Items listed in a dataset
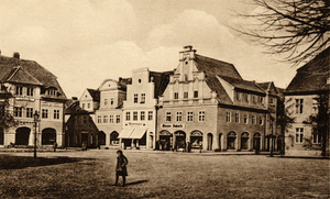 [142857] Neidenburg, Großer Marktplatz mit Hotel Neureiter links 1914 - 1915
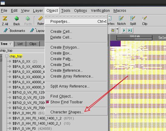菜单中,单击 Object->Character Shapes
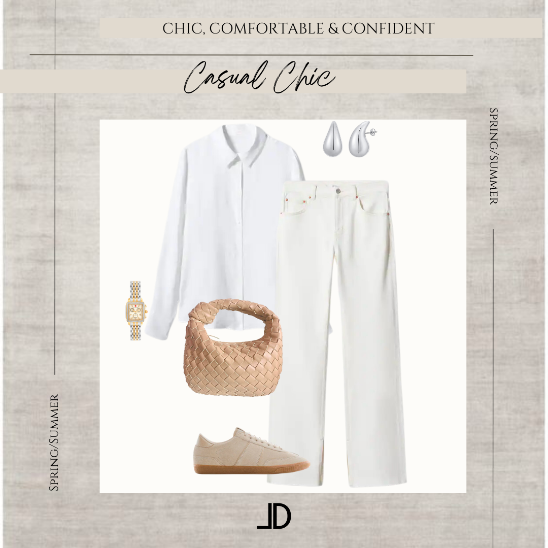 Casual Chic Description of the Outfit: Our first outfit is all about casual chic. It features a white button-down shirt, light-wash denim jeans, and white sneakers. This outfit is perfect for a day out with friends or a casual lunch date.
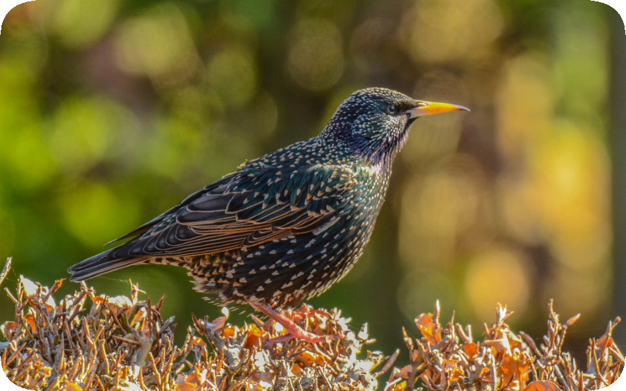 (Both European Starling and Common Starling are Correct). The European starling, also known as the Common starling, is a medium sized passerine bird native to Europe and western Asia. Records from the United States Geological Survey document its introduction to North America in the late nineteenth century, after which it spread rapidly across the continent. Wildlife agencies describe the species as highly adaptable, often forming large flocks and competing with native cavity nesting birds for resources. Sources: (United States Geological Survey, United States Fish And Wildlife Service, Cornell Lab Of Ornithology)
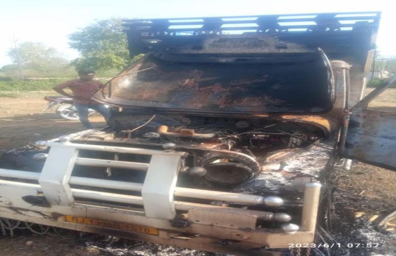 परिवादी विनोद को नीचे उतारकर मारपीट की इस बीच पिकअप से सभी पांचों बैलों( केरड़ा) को नीचे उतार दिया तथा पास ही स्थित गोशाला में ले जाकर बंद कर दिया। इसके बाद अज्ञात ग्रामीणों ने पिकअप में आग लगा दी, जिससे पिकअप जलकर नष्ट हो गई। govansh se thas dekh kar phoonk dee pikap
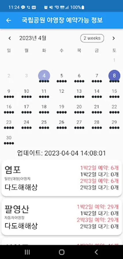 'National Park Vacancy is an optimized app that provides information on national park campsites and shelter vacancies, and is an essential tool for camping enthusiasts and hikers. With this app, you can easily check real-time vacancy information for campsites and shelters in various national parks.
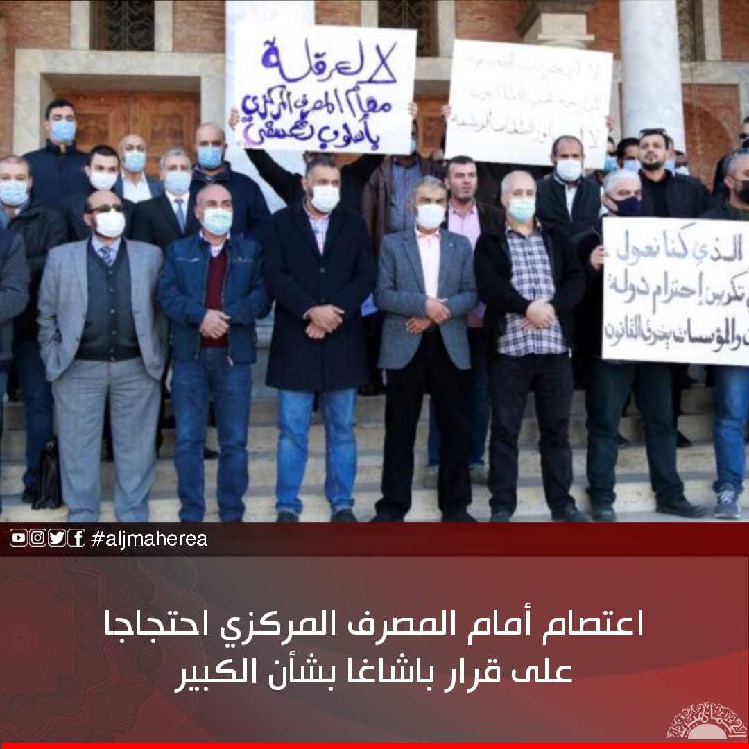 نظم عدد من الموظفين بالمصرف المركزي طرابلس اعتصام أمام مقره.

Task goal
Write out exactly the lines beginning with the line that holds "various national parks." and ending with the final line of the data, both ends included, without the pictures.

Response to the task
 'National Park Vacancy is an optimized app that provides information on national park campsites and shelter vacancies, and is an essential tool for camping enthusiasts and hikers. With this app, you can easily check real-time vacancy information for campsites and shelters in various national parks.
 نظم عدد من الموظفين بالمصرف المركزي طرابلس اعتصام أمام مقره.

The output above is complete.